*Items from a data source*
* * *

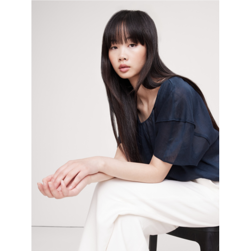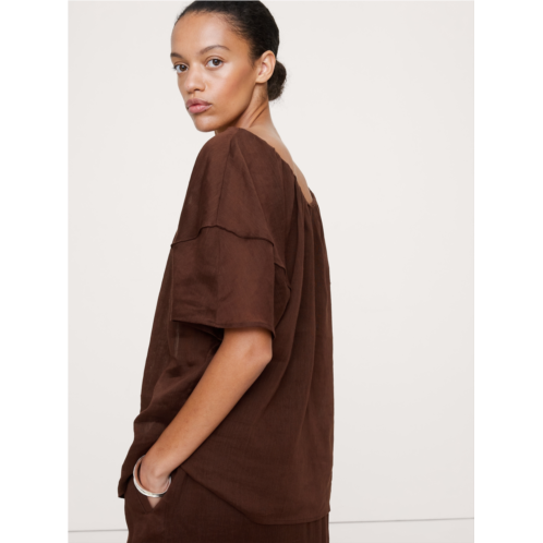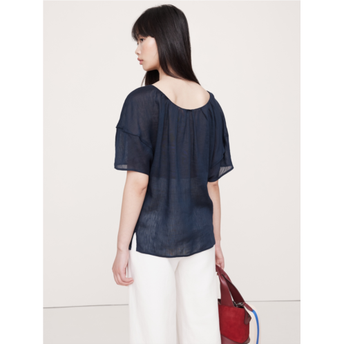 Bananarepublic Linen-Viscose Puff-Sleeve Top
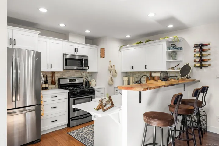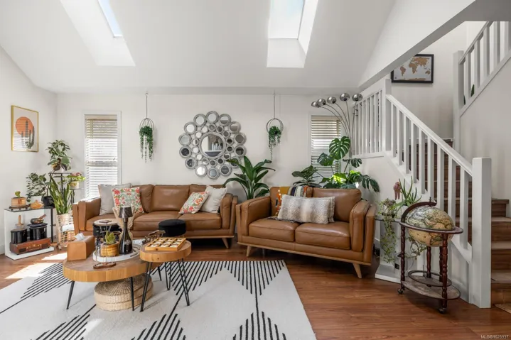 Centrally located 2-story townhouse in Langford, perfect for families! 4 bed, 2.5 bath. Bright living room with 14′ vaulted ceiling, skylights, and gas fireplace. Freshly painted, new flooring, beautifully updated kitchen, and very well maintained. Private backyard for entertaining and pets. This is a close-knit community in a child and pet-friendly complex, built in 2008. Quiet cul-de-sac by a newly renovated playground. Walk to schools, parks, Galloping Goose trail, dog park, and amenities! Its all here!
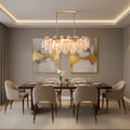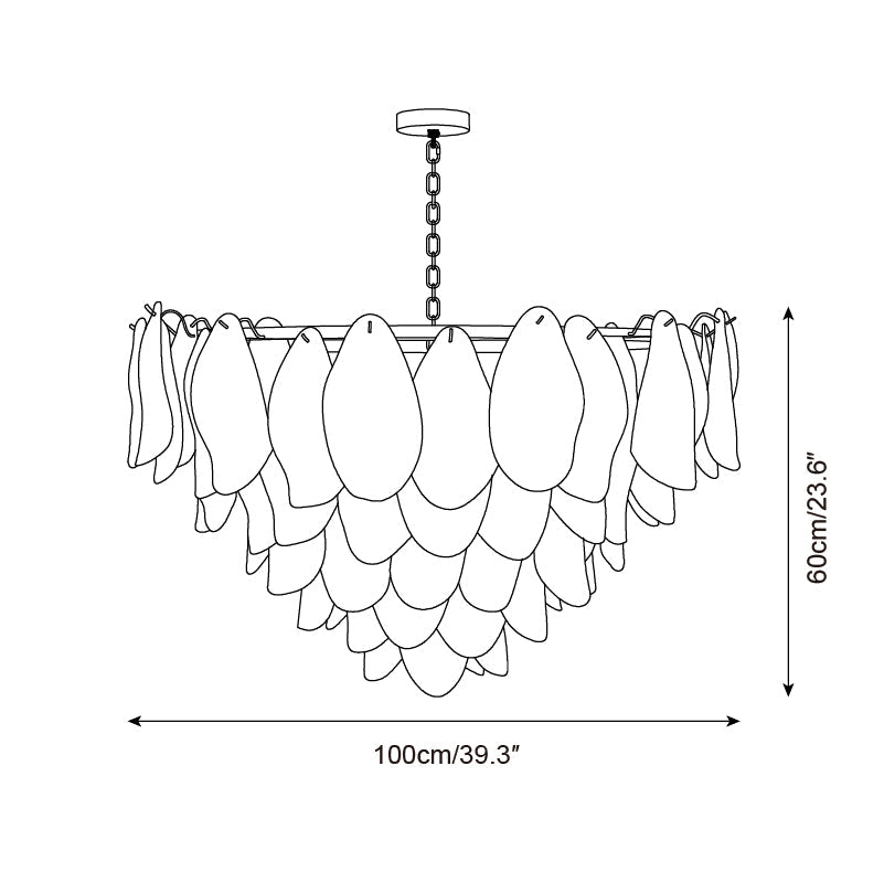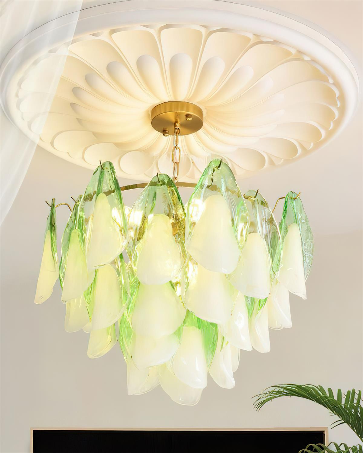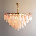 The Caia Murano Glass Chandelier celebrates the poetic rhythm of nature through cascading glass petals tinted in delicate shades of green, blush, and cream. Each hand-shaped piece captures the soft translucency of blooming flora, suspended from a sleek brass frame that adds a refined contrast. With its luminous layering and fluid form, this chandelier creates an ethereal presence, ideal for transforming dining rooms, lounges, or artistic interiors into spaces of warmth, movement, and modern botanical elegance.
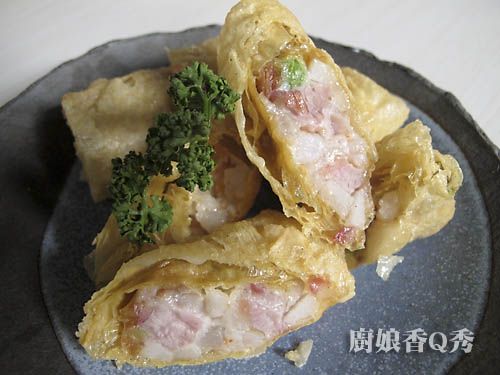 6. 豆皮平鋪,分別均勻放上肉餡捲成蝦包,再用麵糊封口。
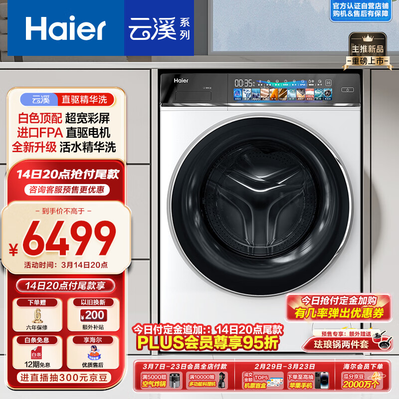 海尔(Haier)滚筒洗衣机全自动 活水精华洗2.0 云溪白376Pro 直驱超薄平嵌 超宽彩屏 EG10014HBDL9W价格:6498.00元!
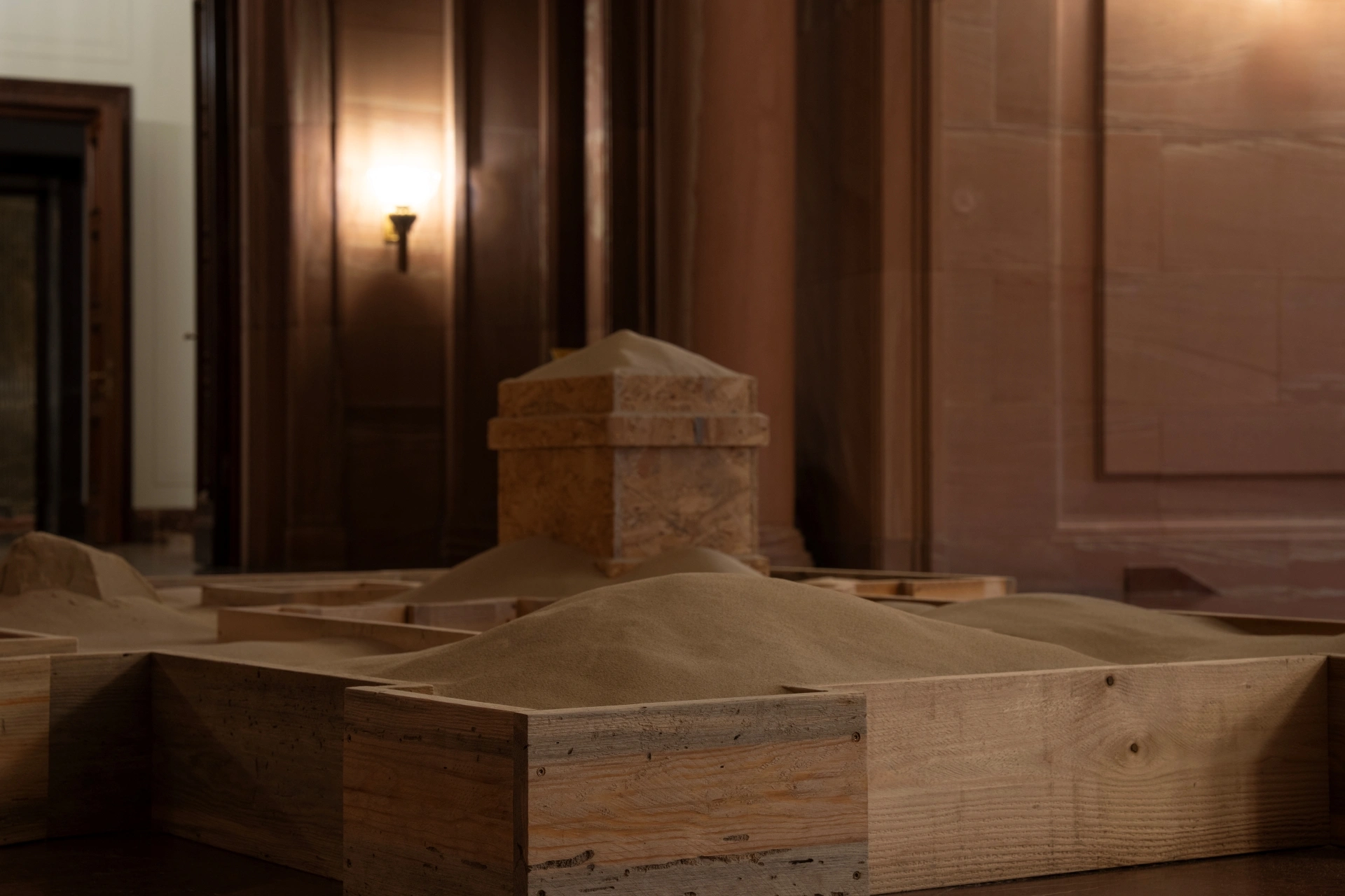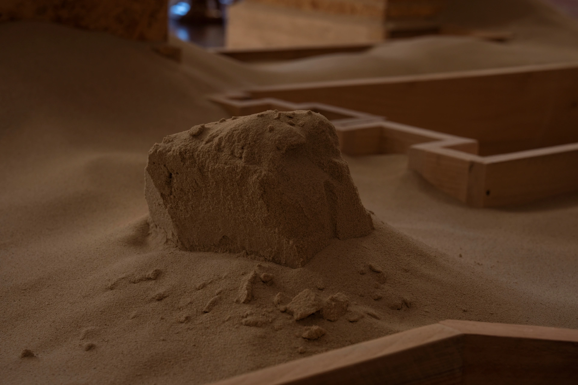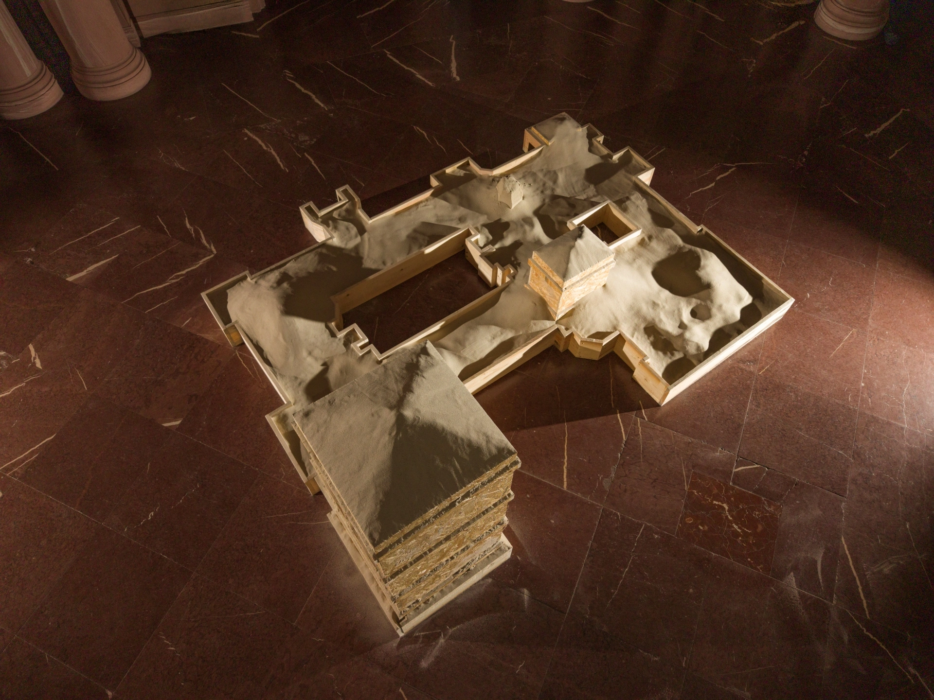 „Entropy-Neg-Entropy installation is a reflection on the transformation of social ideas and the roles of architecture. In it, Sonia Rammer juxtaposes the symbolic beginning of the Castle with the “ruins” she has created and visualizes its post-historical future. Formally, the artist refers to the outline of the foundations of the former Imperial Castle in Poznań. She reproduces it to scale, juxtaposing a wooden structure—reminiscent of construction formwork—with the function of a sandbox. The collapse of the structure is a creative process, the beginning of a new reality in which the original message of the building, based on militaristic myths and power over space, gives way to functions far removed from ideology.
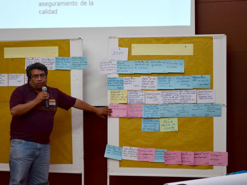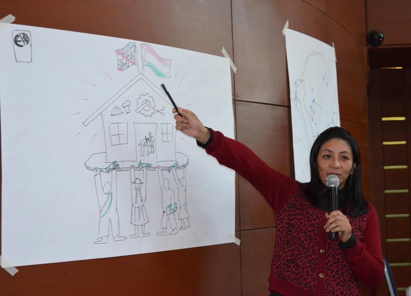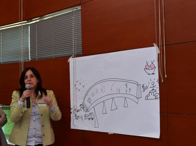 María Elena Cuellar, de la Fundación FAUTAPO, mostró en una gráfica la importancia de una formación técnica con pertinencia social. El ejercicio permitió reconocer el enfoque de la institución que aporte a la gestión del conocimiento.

* * *

*What you will do*
Could the data above be repeated exactly, with every picture dropped?

*Reply*
 Bananarepublic Linen-Viscose Puff-Sleeve Top
 Centrally located 2-story townhouse in Langford, perfect for families! 4 bed, 2.5 bath. Bright living room with 14′ vaulted ceiling, skylights, and gas fireplace. Freshly painted, new flooring, beautifully updated kitchen, and very well maintained. Private backyard for entertaining and pets. This is a close-knit community in a child and pet-friendly complex, built in 2008. Quiet cul-de-sac by a newly renovated playground. Walk to schools, parks, Galloping Goose trail, dog park, and amenities! Its all here!
 The Caia Murano Glass Chandelier celebrates the poetic rhythm of nature through cascading glass petals tinted in delicate shades of green, blush, and cream. Each hand-shaped piece captures the soft translucency of blooming flora, suspended from a sleek brass frame that adds a refined contrast. With its luminous layering and fluid form, this chandelier creates an ethereal presence, ideal for transforming dining rooms, lounges, or artistic interiors into spaces of warmth, movement, and modern botanical elegance.
 6. 豆皮平鋪,分別均勻放上肉餡捲成蝦包,再用麵糊封口。
 海尔(Haier)滚筒洗衣机全自动 活水精华洗2.0 云溪白376Pro 直驱超薄平嵌 超宽彩屏 EG10014HBDL9W价格:6498.00元!
 „Entropy-Neg-Entropy installation is a reflection on the transformation of social ideas and the roles of architecture. In it, Sonia Rammer juxtaposes the symbolic beginning of the Castle with the “ruins” she has created and visualizes its post-historical future. Formally, the artist refers to the outline of the foundations of the former Imperial Castle in Poznań. She reproduces it to scale, juxtaposing a wooden structure—reminiscent of construction formwork—with the function of a sandbox. The collapse of the structure is a creative process, the beginning of a new reality in which the original message of the building, based on militaristic myths and power over space, gives way to functions far removed from ideology.
 María Elena Cuellar, de la Fundación FAUTAPO, mostró en una gráfica la importancia de una formación técnica con pertinencia social. El ejercicio permitió reconocer el enfoque de la institución que aporte a la gestión del conocimiento.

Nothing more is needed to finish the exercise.